▶ **Requirement**:
Reproduce, from the lines below, exactly the stretch that begins at the line containing "NR-12A của Nippon" and ends at the line containing "John Cyrus was", both included.

▶ **Data supplied**:
----

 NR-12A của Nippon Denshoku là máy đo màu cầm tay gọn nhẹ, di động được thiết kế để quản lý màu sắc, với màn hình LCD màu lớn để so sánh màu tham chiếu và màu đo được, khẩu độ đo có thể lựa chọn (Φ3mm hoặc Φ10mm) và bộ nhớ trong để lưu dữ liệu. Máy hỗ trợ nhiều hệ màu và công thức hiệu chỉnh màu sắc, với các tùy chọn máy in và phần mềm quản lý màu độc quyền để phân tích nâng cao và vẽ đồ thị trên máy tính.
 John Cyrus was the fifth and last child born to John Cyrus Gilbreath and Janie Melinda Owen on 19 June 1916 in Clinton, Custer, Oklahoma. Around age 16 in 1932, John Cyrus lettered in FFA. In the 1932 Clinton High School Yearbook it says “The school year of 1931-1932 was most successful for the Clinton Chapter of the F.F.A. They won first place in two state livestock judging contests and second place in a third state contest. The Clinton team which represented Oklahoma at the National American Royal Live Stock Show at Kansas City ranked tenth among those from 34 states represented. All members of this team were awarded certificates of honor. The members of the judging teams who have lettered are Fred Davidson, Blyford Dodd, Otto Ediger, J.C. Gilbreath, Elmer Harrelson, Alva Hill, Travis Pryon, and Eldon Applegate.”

----

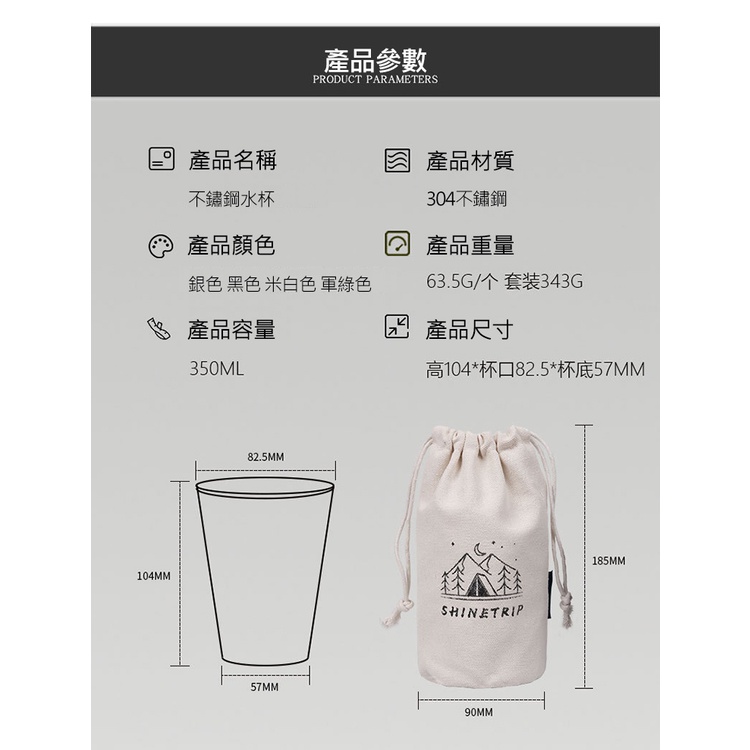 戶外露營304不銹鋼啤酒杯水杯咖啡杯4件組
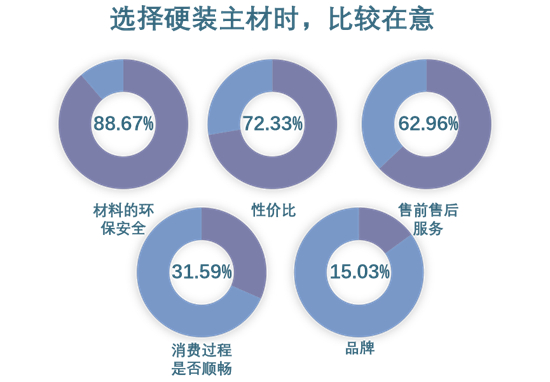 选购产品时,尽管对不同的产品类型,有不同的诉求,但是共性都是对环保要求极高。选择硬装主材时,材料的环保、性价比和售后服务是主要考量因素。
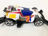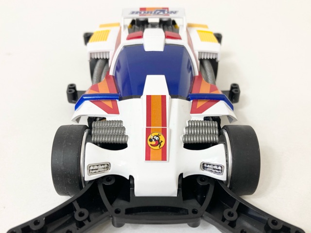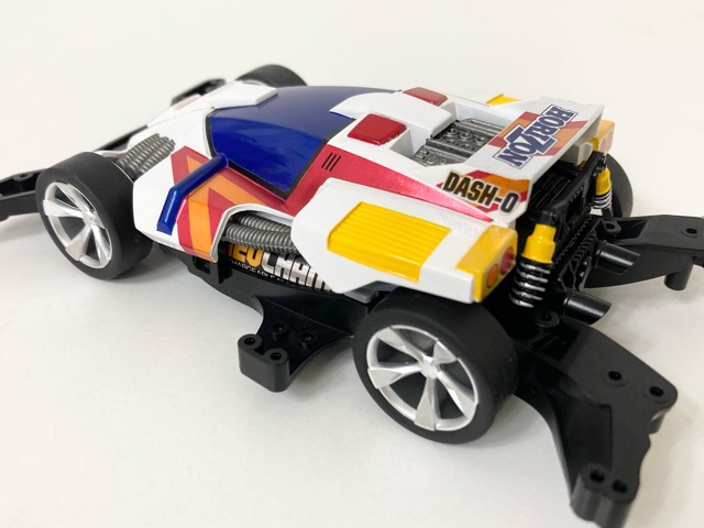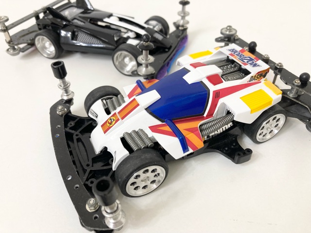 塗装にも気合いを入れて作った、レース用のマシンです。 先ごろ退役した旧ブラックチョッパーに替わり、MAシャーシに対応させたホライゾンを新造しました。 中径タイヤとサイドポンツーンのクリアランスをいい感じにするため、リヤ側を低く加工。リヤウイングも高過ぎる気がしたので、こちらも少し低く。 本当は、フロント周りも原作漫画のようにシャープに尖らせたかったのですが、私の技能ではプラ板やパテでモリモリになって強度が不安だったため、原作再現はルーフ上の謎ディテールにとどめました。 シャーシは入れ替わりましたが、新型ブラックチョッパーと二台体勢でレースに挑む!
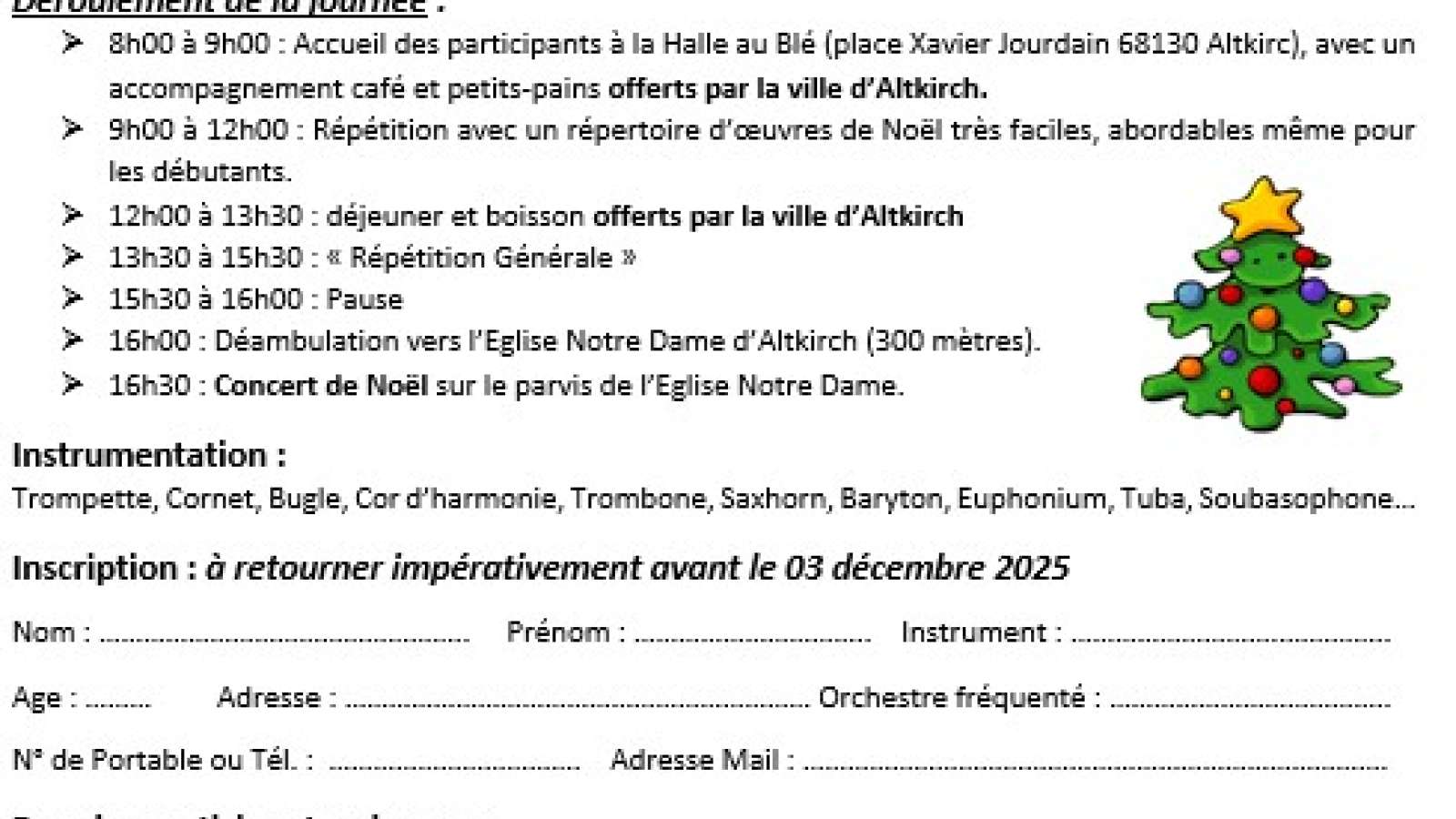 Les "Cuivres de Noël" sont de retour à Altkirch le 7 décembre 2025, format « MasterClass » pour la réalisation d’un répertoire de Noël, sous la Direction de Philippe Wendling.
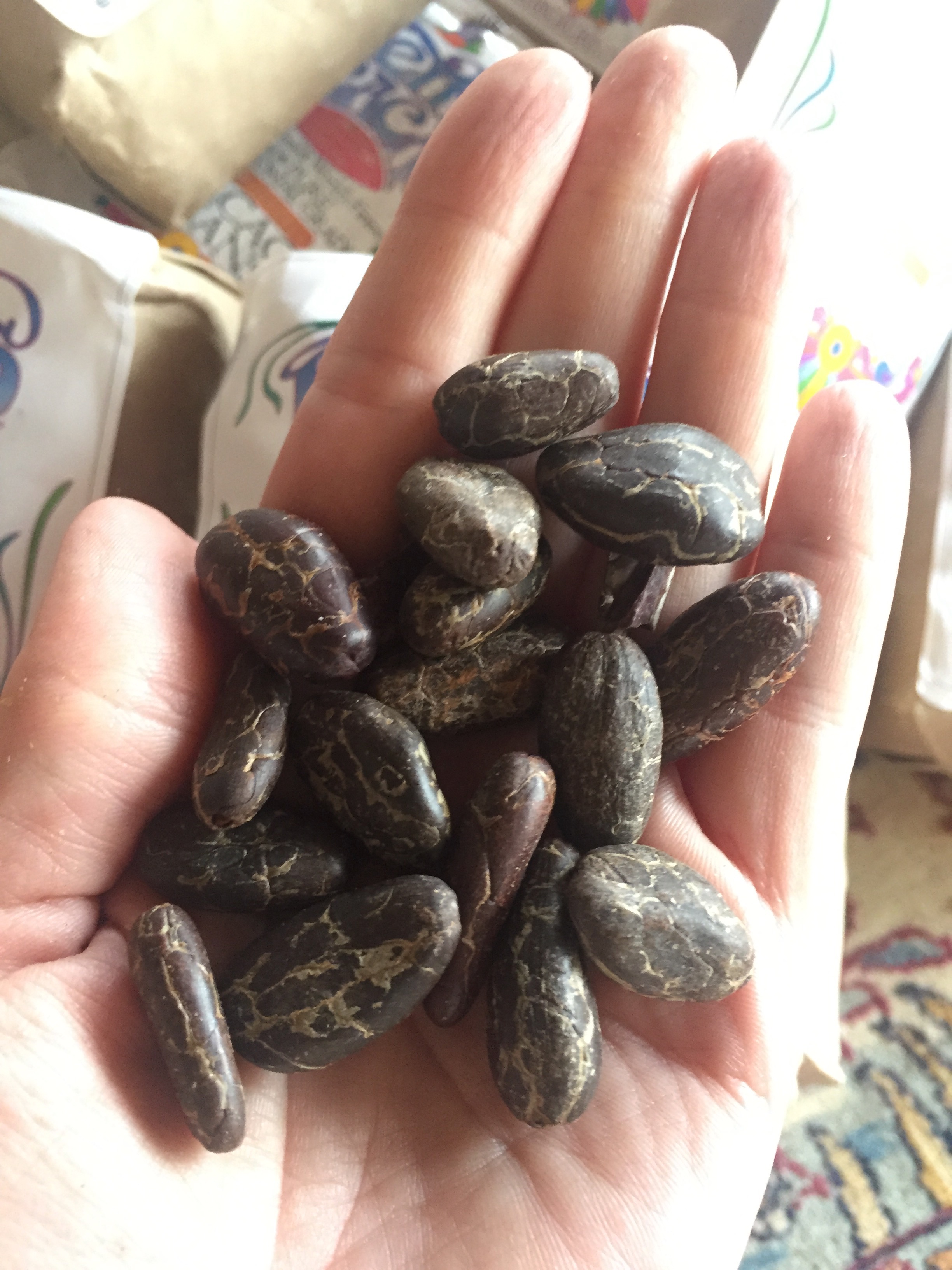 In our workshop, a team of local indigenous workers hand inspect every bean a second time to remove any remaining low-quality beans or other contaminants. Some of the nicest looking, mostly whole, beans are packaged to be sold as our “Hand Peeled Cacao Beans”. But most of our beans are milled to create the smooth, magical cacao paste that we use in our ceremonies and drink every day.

----

▶ **Exercise solution**:
 NR-12A của Nippon Denshoku là máy đo màu cầm tay gọn nhẹ, di động được thiết kế để quản lý màu sắc, với màn hình LCD màu lớn để so sánh màu tham chiếu và màu đo được, khẩu độ đo có thể lựa chọn (Φ3mm hoặc Φ10mm) và bộ nhớ trong để lưu dữ liệu. Máy hỗ trợ nhiều hệ màu và công thức hiệu chỉnh màu sắc, với các tùy chọn máy in và phần mềm quản lý màu độc quyền để phân tích nâng cao và vẽ đồ thị trên máy tính.
 John Cyrus was the fifth and last child born to John Cyrus Gilbreath and Janie Melinda Owen on 19 June 1916 in Clinton, Custer, Oklahoma. Around age 16 in 1932, John Cyrus lettered in FFA. In the 1932 Clinton High School Yearbook it says “The school year of 1931-1932 was most successful for the Clinton Chapter of the F.F.A. They won first place in two state livestock judging contests and second place in a third state contest. The Clinton team which represented Oklahoma at the National American Royal Live Stock Show at Kansas City ranked tenth among those from 34 states represented. All members of this team were awarded certificates of honor. The members of the judging teams who have lettered are Fred Davidson, Blyford Dodd, Otto Ediger, J.C. Gilbreath, Elmer Harrelson, Alva Hill, Travis Pryon, and Eldon Applegate.”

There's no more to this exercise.